Try it: All of the data should be reproduced word for word, though its pictures must be omitted.

Data provided:
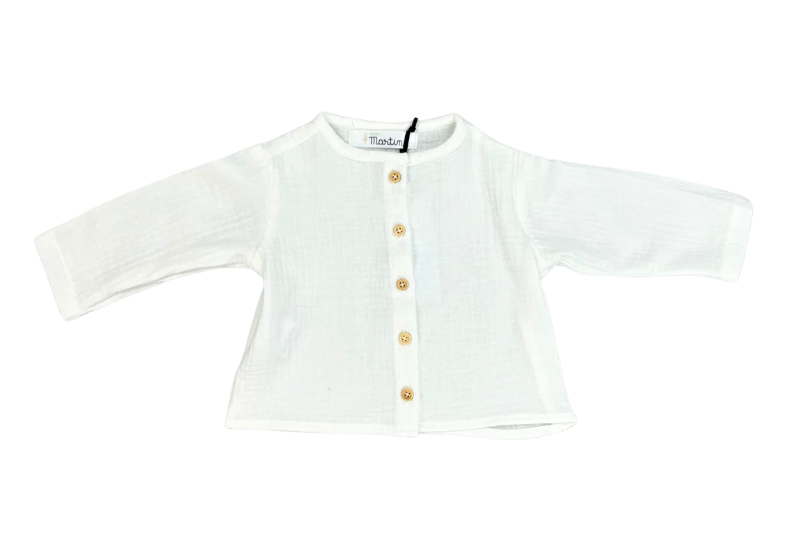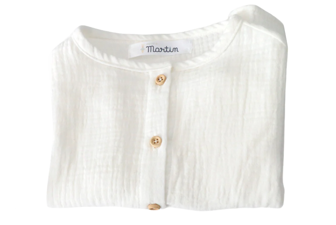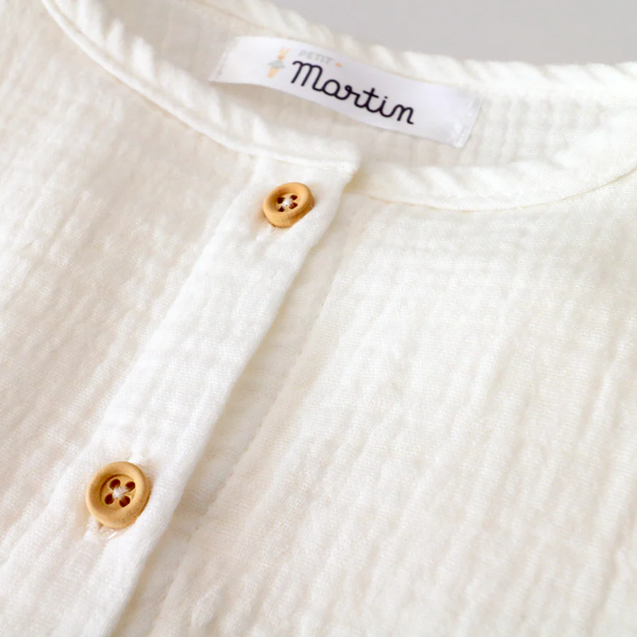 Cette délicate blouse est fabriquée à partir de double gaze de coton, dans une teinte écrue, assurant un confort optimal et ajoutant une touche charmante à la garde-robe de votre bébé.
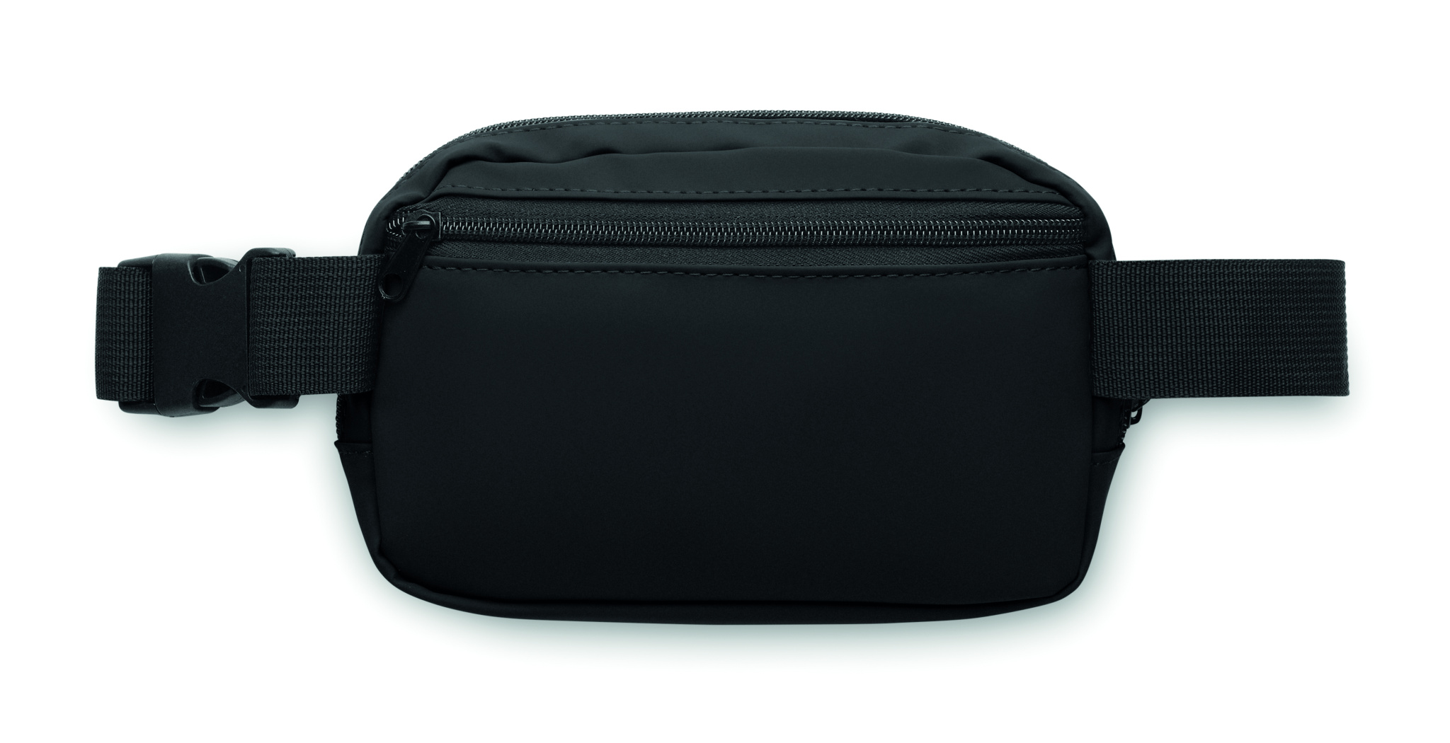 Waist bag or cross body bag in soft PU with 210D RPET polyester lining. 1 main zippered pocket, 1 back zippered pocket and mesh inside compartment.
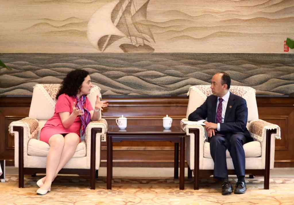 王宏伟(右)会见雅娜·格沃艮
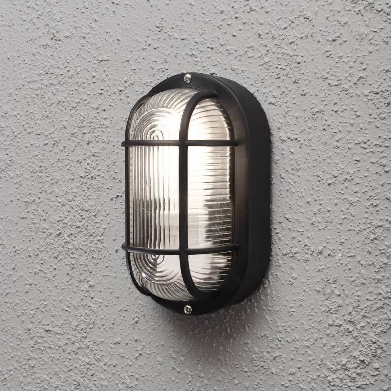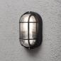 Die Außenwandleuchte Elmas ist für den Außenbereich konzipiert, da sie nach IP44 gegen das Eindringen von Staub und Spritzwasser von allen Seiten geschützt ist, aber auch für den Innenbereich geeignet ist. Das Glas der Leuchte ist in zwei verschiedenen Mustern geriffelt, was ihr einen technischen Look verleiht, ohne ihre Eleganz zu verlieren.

Expected answer:
 Cette délicate blouse est fabriquée à partir de double gaze de coton, dans une teinte écrue, assurant un confort optimal et ajoutant une touche charmante à la garde-robe de votre bébé.
 Waist bag or cross body bag in soft PU with 210D RPET polyester lining. 1 main zippered pocket, 1 back zippered pocket and mesh inside compartment.
 王宏伟(右)会见雅娜·格沃艮
 Die Außenwandleuchte Elmas ist für den Außenbereich konzipiert, da sie nach IP44 gegen das Eindringen von Staub und Spritzwasser von allen Seiten geschützt ist, aber auch für den Innenbereich geeignet ist. Das Glas der Leuchte ist in zwei verschiedenen Mustern geriffelt, was ihr einen technischen Look verleiht, ohne ihre Eleganz zu verlieren.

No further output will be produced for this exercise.